Yes, I said me. Ella can whip up a mean dessert, but I handle most of the culinary action in our household. Granted, most of my meals are fairly simple, but occasionally I like to tackle something bigger, like, say, a turkey. It’s usually a recipe for disaster, with the bird over done or under done, but two years ago, my turkey ineptitude reached new bounds when I almost broke our oven.
I had big plans for the fowl after watching a video of Alton Brown on foodnetwork.com make it look so easy. In anticipation, I purchased a digital meat thermometer and a large roasting pan, and followed the recipe precisely, or not. OK, I didn’t have all the proper ingredients, but I improvised, and after brining the bird for 24 hours, I was ready for roasting.
I hate messes, and I’ve never cooked a large piece of meat without getting drippings in the bottom of the oven. So, even though we have a self-cleaning oven, I lined the bottom with aluminum foil to catch the drips. I know some of you are shaking your heads already, but, in my defense, it seemed reasonable enough at the time.
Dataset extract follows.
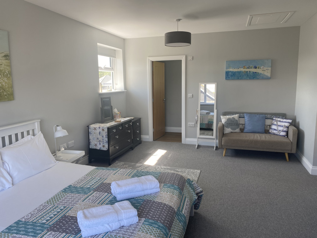 The converted garage is ideal for changing after a day in the sea with space for hanging wetsuits to dry, and the downstairs shower will get you warm and clean, ready to do it all again tomorrow!

After all, I use aluminum foil in the oven all the time, and never, ever had a problem.
Of course, I didn’t take into account the recipe calling for cooking the bird at 500 degrees for 30 minutes. Yes, much to my chagrin, the aluminum foil melted and stuck to the bottom of the oven. I didn’t notice it at first because I was too busy dealing with hungry relatives and the big bird, which, paradoxically, was both overcooked and undercooked at the same time.
When it was time to clean up, I was pleased to see that my aluminum foil had indeed caught the drippings. I congratulated myself for being so smart, but quickly started cursing myself for being so dumb, when the foil and drippings could not be removed.
Not knowing what to do, I turned to the Internet for advice, and was only marginally pleased to see that I wasn’t the only one who had made such a stupid mistake. After much research, I discovered that a product called Naval Jelly could be used to remove the melted metal. So, I spread and scraped, spread and scraped. Eventually, I got most of it off, and vowed never again to be such an idiot, or to cook another turkey.
I must admit that I have tried to cook a turkey since then, but haven’t had much luck. This year, Ella found a recipe for a turkey breast prepared in the crockpot. It was so simple, with only three ingredients (turkey, onion soup mix, and cranberry sauce), that even I couldn’t mess it up. I tried it a week ago, sort of a Thanksgiving test run, and I must admit, it was pretty good. So, if I ever get talked into fixing a turkey dinner for family and/or friends, this will be my go-to recipe.
I hope everyone has a great Turkey Day, and a great start to the Christmas selling season.